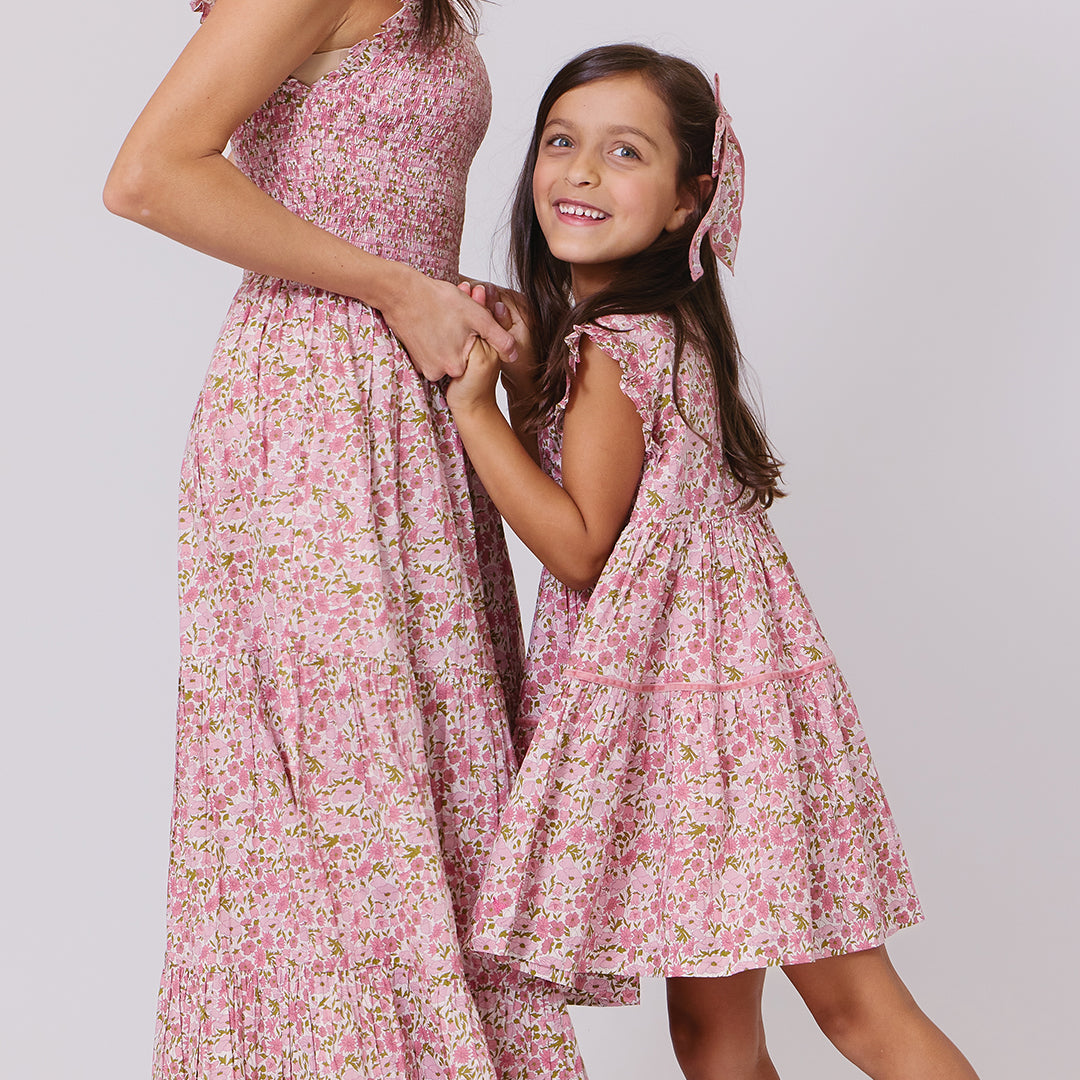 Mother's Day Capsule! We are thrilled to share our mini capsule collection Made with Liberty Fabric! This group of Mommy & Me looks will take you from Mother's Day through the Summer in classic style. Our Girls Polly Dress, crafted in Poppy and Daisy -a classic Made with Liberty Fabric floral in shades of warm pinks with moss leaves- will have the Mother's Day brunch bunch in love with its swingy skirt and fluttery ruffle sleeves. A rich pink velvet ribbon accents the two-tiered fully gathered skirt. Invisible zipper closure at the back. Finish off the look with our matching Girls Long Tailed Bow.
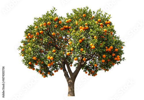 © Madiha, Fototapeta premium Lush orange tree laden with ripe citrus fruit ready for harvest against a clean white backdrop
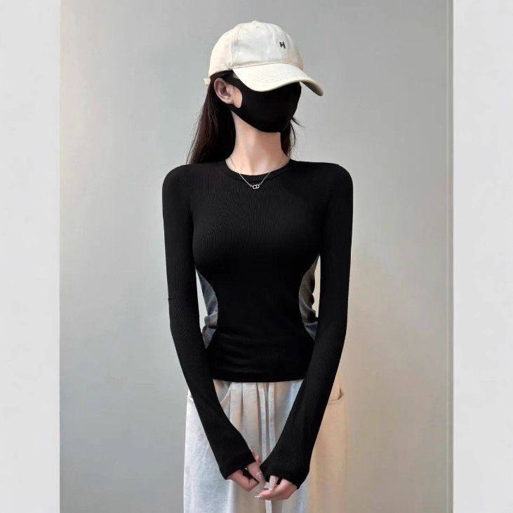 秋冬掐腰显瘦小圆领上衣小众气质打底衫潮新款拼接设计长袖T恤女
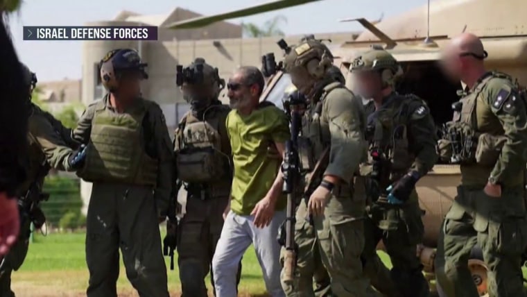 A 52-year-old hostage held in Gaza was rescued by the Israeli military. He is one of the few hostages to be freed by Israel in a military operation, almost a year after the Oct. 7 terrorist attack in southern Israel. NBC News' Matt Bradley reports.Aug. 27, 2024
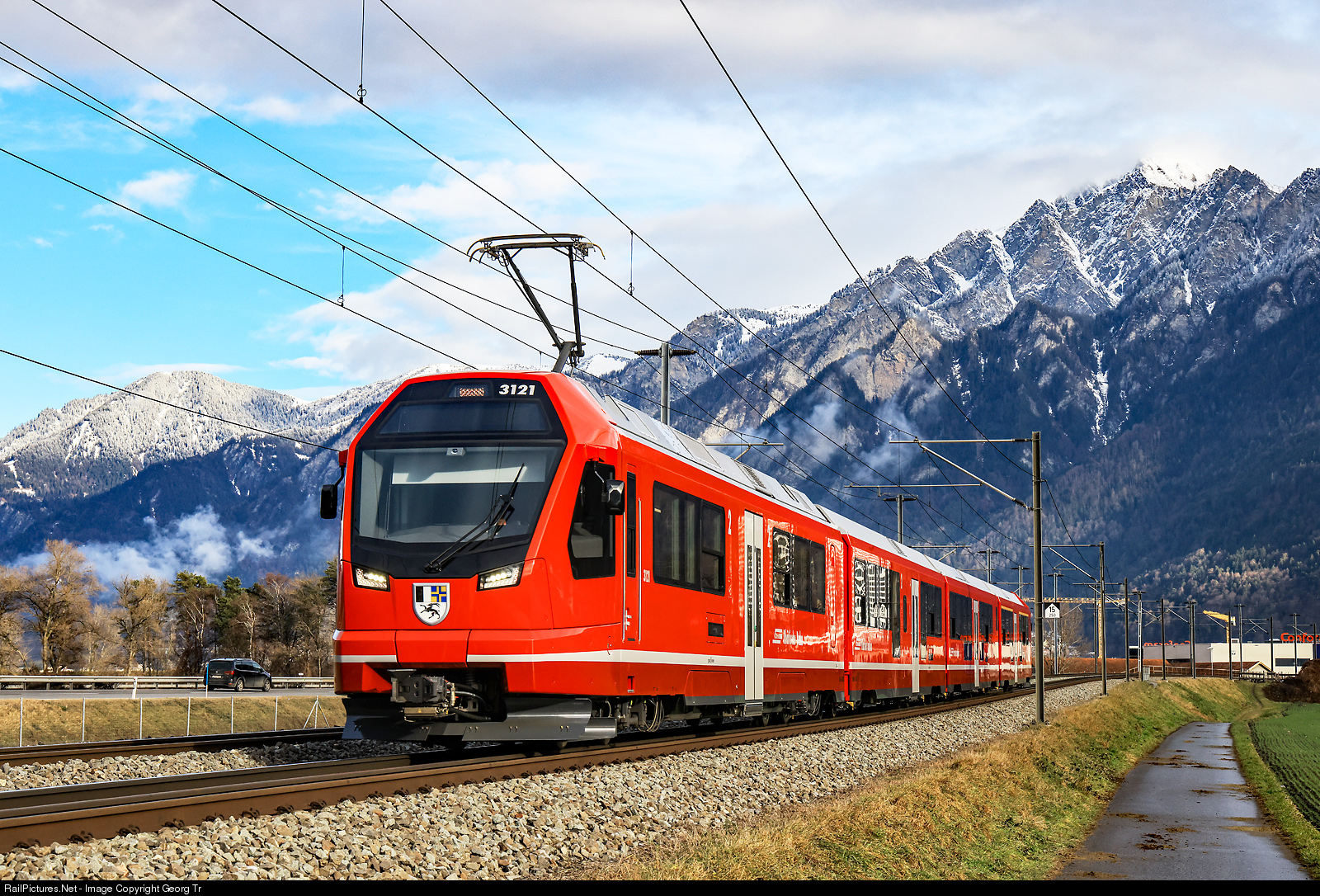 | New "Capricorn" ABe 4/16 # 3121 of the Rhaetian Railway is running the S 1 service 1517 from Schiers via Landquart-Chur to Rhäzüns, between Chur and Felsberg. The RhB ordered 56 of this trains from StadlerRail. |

TASK GOAL. Retype, exactly and only, the lines from the one containing "秋冬掐腰显瘦小圆领上衣小众气质打底衫潮新款拼接设计长袖T恤女" through the end of the entries, both ends included, and omit all pictures.

ANSWER BOX.
 秋冬掐腰显瘦小圆领上衣小众气质打底衫潮新款拼接设计长袖T恤女
 A 52-year-old hostage held in Gaza was rescued by the Israeli military. He is one of the few hostages to be freed by Israel in a military operation, almost a year after the Oct. 7 terrorist attack in southern Israel. NBC News' Matt Bradley reports.Aug. 27, 2024
 | New "Capricorn" ABe 4/16 # 3121 of the Rhaetian Railway is running the S 1 service 1517 from Schiers via Landquart-Chur to Rhäzüns, between Chur and Felsberg. The RhB ordered 56 of this trains from StadlerRail. |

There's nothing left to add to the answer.